The committee will not be making changes to the Code, only “collecting information and analyzing it” and making recommendations, Haslem said.

She plans to meet with the committee once before the year is over, but after that “they will … be on their own.” 

The committee will most likely collect opinions about the code through surveys and possibly focus groups next year and begin making recommendations next spring or the following fall.

The committee consists of three faculty members, the TRIO writing coordinator and four students. One of the students and one of the faculty members are currently on the Honor Board.

Some Honor Board members are concerned about the lack of representation of the current Board on the committee.

“Honor Board members have more experience working with the Code and are more familiar the problems with it,” one Honor Board member said.

The member is also concerned about the diversity of opinions represented on the committee.

According to one member, “They haven’t done their background research enough to know that some of the members have similar opinions on things … people who have tried to enact change in the past are not on the committee, which is concerning.”

Haslem said they “tried to represent diversity” within the members of the committee, bringing in people from different backgrounds and roles on campus.

Although the committee “does seem like a fairly diverse group,” an Honor Board member said, “expertise is more important than straight diversity.”

“At its core, it’s not a bad system,” said the Honor Board member, but the committee “would have to do a great job of finding information from experts.” A committee with more Honor Board members would have “less fact finding and more debate of the facts themselves.”

The member agrees with Haslem that a review is necessary.

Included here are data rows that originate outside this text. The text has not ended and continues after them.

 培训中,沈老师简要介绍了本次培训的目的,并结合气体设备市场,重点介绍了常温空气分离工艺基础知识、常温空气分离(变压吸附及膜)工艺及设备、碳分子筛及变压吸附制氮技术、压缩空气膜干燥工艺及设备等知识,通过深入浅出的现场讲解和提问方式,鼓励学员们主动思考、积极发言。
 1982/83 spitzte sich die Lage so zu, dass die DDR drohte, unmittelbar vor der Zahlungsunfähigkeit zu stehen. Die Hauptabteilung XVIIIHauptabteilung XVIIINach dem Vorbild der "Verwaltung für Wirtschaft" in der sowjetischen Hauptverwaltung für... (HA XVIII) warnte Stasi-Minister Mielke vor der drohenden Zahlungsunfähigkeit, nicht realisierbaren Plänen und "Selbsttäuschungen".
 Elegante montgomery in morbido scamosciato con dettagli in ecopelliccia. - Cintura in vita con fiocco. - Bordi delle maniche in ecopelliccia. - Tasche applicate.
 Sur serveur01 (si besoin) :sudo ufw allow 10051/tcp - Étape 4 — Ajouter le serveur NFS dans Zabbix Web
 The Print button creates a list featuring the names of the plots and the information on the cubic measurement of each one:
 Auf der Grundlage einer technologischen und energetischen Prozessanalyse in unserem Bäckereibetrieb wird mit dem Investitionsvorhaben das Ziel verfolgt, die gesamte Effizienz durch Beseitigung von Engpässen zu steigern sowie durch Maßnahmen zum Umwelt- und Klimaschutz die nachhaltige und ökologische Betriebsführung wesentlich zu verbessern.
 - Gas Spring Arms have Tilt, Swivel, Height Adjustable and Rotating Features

It is important to look at how the Code is working on campus and “constantly try and make the Code better.”

“I don’t necessarily think there’s something wrong with it,” Haslem said. “It’s working fine in so many ways, but any good thing has to be assessed over time.”

Discussion of a review began last year between Haslem and Dean of the College Larry Breitborde.

Haslem, in her time as a faculty member and in her position as a Dean, heard comments from faculty saying the Code was  “not upholding what it was supposed to uphold” and brought up the idea to Breitborde.

Although the Code is reviewed annually by the Academic Standing Committee, it has not been reviewed by the entire campus community in a long time, according to Haslem.

They want to “make sure the Code is written in such a way that everybody is happy signing on to it,” she said. 

“In the late 50s, when the Code was developed, teaching happened a lot differently than it does now,” Haslem said.

“It needs to be adapted to what’s going on currently,” an Honor Board member said.

Some changes that might be made include giving First-Year Preceptorial professors the freedom to teach students who make citation errors rather than bring them to the Board and also making it easier for the board to deviate from standard punishment to take into account specific circumstances, among other things.

Haslem hopes this review “renews our sense of what a core value the Code is to a Knox identity and to a Knox degree.”

“The Code is something that requires buy-in from the whole community,” Haslem said. “This will be an important committee.”